* [Supplied data]:
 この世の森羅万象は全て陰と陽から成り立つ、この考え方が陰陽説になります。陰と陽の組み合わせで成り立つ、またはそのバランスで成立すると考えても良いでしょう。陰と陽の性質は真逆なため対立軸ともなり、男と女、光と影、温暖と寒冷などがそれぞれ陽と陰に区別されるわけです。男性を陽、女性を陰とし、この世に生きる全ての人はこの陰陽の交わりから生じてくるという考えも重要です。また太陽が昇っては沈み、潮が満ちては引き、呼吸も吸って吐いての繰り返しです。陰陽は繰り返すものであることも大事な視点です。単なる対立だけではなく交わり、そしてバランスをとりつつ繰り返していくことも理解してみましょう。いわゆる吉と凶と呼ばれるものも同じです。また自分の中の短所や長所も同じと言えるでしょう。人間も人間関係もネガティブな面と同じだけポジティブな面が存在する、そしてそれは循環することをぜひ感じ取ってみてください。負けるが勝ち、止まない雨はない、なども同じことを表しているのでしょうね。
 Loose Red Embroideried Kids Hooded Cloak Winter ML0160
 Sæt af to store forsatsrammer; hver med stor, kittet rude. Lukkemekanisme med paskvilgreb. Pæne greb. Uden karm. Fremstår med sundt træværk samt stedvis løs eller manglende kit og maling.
---
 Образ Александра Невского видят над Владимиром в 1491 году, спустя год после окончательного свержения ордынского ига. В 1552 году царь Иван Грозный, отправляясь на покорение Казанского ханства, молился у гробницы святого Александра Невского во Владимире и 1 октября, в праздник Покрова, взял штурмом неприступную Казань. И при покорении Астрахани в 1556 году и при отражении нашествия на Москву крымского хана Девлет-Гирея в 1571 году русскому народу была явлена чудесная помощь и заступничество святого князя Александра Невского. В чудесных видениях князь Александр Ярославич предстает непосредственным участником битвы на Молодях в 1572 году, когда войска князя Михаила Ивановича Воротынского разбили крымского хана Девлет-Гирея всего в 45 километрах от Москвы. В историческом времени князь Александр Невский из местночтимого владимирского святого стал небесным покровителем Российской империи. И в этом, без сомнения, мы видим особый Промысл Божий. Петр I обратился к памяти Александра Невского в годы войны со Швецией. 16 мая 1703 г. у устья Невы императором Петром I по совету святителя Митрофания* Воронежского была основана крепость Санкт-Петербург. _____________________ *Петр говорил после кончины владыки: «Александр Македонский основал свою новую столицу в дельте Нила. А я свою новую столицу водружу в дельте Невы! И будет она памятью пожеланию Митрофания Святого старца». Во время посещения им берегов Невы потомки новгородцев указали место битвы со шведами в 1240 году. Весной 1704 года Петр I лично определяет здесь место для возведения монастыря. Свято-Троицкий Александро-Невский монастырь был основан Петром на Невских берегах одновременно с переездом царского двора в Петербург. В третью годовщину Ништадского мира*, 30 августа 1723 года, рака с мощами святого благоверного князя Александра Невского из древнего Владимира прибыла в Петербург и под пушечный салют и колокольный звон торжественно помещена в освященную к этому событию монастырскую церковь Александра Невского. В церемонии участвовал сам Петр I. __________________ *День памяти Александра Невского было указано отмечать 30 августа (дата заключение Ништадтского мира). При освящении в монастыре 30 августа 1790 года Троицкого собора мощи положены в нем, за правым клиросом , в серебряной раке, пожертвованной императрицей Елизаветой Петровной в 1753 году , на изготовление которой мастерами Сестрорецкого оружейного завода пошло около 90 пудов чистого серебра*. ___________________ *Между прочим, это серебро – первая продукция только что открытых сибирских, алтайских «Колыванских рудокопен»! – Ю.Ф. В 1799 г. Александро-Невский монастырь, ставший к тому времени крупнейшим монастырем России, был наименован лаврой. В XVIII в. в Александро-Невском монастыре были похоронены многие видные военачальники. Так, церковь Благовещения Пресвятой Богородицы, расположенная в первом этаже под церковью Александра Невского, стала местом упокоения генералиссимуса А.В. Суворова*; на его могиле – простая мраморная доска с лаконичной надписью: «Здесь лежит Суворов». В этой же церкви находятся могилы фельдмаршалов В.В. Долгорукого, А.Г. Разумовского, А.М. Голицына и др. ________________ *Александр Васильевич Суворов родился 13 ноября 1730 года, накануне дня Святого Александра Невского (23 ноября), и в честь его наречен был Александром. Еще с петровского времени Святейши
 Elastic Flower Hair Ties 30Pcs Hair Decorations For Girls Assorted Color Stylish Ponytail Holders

* [Work to complete]: Your answer must be the lines above from the one containing "この世の森羅万象は全て陰と陽" to the one containing "Sæt af to store", both included, restated word for word.

* [Your solution]:
 この世の森羅万象は全て陰と陽から成り立つ、この考え方が陰陽説になります。陰と陽の組み合わせで成り立つ、またはそのバランスで成立すると考えても良いでしょう。陰と陽の性質は真逆なため対立軸ともなり、男と女、光と影、温暖と寒冷などがそれぞれ陽と陰に区別されるわけです。男性を陽、女性を陰とし、この世に生きる全ての人はこの陰陽の交わりから生じてくるという考えも重要です。また太陽が昇っては沈み、潮が満ちては引き、呼吸も吸って吐いての繰り返しです。陰陽は繰り返すものであることも大事な視点です。単なる対立だけではなく交わり、そしてバランスをとりつつ繰り返していくことも理解してみましょう。いわゆる吉と凶と呼ばれるものも同じです。また自分の中の短所や長所も同じと言えるでしょう。人間も人間関係もネガティブな面と同じだけポジティブな面が存在する、そしてそれは循環することをぜひ感じ取ってみてください。負けるが勝ち、止まない雨はない、なども同じことを表しているのでしょうね。
 Loose Red Embroideried Kids Hooded Cloak Winter ML0160
 Sæt af to store forsatsrammer; hver med stor, kittet rude. Lukkemekanisme med paskvilgreb. Pæne greb. Uden karm. Fremstår med sundt træværk samt stedvis løs eller manglende kit og maling.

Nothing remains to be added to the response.